Long and her team have developed a patent-pending dispenser, that enables users to access period products for free. The touchless pad and tampon vending machine are sold to schools, hospitals, and hotels globally for their restrooms. The dispenser is reforming the landscape of public restrooms and providing healthier and more sustainable period care alternatives to the masses.
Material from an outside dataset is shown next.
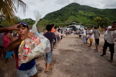 ACAPULCO, GRO. (Proceso).- El helicóptero aterriza en Omitlán después de sobrevolar lo que desde el cielo se ve como un laberinto de puentes destruidos, montes de arena descoyuntando carreteras, caminos chimuelos y gente como mulas cargando despensas, ropa, animales y botellas de agua en la espalda. La aeronave causa expectación en este pueblo de Tierra Caliente. Niños, jóvenes y adultos forman de inmediato dos filas encima de la arena para descargar el primer vehículo oficial que llega con comida, una semana después de la tragedia.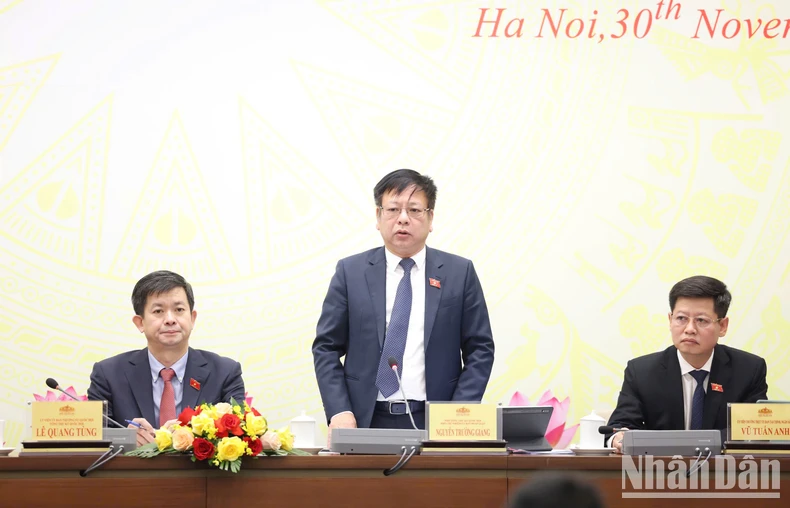 Chiều 30/11, Ủy viên Trung ương Đảng, Ủy viên Ủy ban Thường vụ Quốc hội, Tổng Thư ký Quốc hội, Chủ nhiệm Văn phòng Quốc hội Lê Quang Tùng chủ trì họp báo công bố kết quả Kỳ họp thứ 8, Quốc hội khóa XV.

Femly plans on incorporating a QR code into the dispensers so that users can donate to underserved communities. Maintaining the philanthropic spirit, the company has donated thousands of hygiene products to women in need all over the world. She recently partnered with Sagamore Pendry Baltimore Hotel to deliver 1,285 hygiene kits to Kenya. As the only minority-led organization in the B2B/enterprise space, Femly is leading the way as more countries enact period care laws.

Long has raised more than $1.2 million in venture capital for Femly. With capital acquisition being a major barrier for Black female founders, she has overcome this particular hurdle by raising funds from pitch competitions and grants. Last month, Maryland’s economic engine for technology companies invested $250,000 in Femly. The company is also backed by popular public figures and entities such as Pharrell Williams, Beyoncé, and Google.

Long is a Morgan State University graduate with a bachelor’s degree in business family and consumer sciences. She conceived the idea to start Femly in 2013 following a cervical tumor diagnosis. With there being a direct link between her cancer and the chemicals in the feminine hygiene products she was using, she set out to develop organic cotton period products. In 2018, she lost her daughter in a stillbirth delivery and was diagnosed with e.coli septicemia, organ failure, and disseminated intravascular coagulation. Long was only two weeks off life support when she won $10,000 at Hera Fast Pitch DC.

We assume because some of these pads are white, that they’re clean. That is so far from the truth. Historically, many of the popular pad brands were made with synthetic materials like nylon, which is known for harboring heat and bacteria. The other side of that is many of these pads included ingredients like Bisphenol A bleach dioxins, which are linked to reproductive illnesses and cancer.